A year after Connor has been widowed he decides he needs a new wife to help with the work on the farm, look after his 8 year old daughter and bear him sons, so he places an advert in a newspaper.  From the many applicants he chooses Ellen, without having met her, as the list of attributes she mentions in her letter seem to make her the best candidate.  However Ellen has omitted to mention something, and that lie of omission may be too great to allow her the happiness she longs for.   And anyway is Connor the man to offer her happiness?  After they are married he says "I don't ever think about her.  She's got her work to do, I've got mine, and that's the way it is."  However Ellen is desperate, a widow herself, she has little (or no) choice but to marry a man she has never met, and put herself at his mercy.  She is grateful for a roof over her head and food to eat, and tries to put up with the resentful daughter and the flirtatious attentions the beautiful Miss Quinn pays her husband.    Then an unexpected visitor arrives.   Does "A Bargain Struck" always need to be kept?

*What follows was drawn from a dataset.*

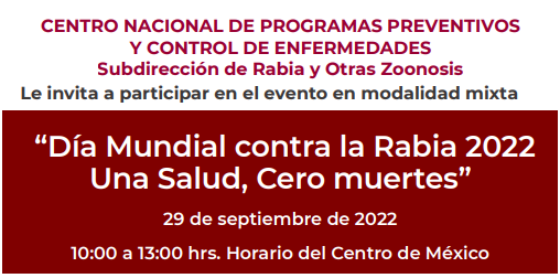 Participe con nosotros el jueves, 29 de septiembre de 2022, en el evento conmemorativo por el Día Mundial contra la Rabia 2022 - Una Salud, Cero muertes.

This is a great book, that has you enthralled from page 1 right through to the end.  It has mysteries, suspense, twists, historical details  and a great pace that just keeps you reading a little bit longer than you meant to.  The family live on a homestead near Laramie in Wyoming, and it is fascinating to read about the different roles the men and women take in order to survive in this harsh environment.   The most helpful neighbour lives 30 minutes away by horse and cart (in good weather), and  when a horse is heard approaching the farm the women rush in and lock the doors, and the men rush out with their guns.  Liz Harris' writing is so good that the reader can easily imagine the various scenes and the characters are so well drawn, you feel that you are almost there with them, sympathising with the viewpoints of Connor, Ellen and Connor's daughter Bridget.   Indeed at one point, I was so involved in the story that I gasped out loud at an incident.

Having spent a little time in this area, I love the way this book brought back memories of the small  towns and many homesteads I saw, and gave me an insight of how life was in the 1800's. 

This is the first book I have read by Choc Lit publishers, who describe themselves as publishing "quality stories with a romance at the heart."  That is exactly  what this book is, and I shall certainly be looking for more books by Liz Harris and by these independent publishers.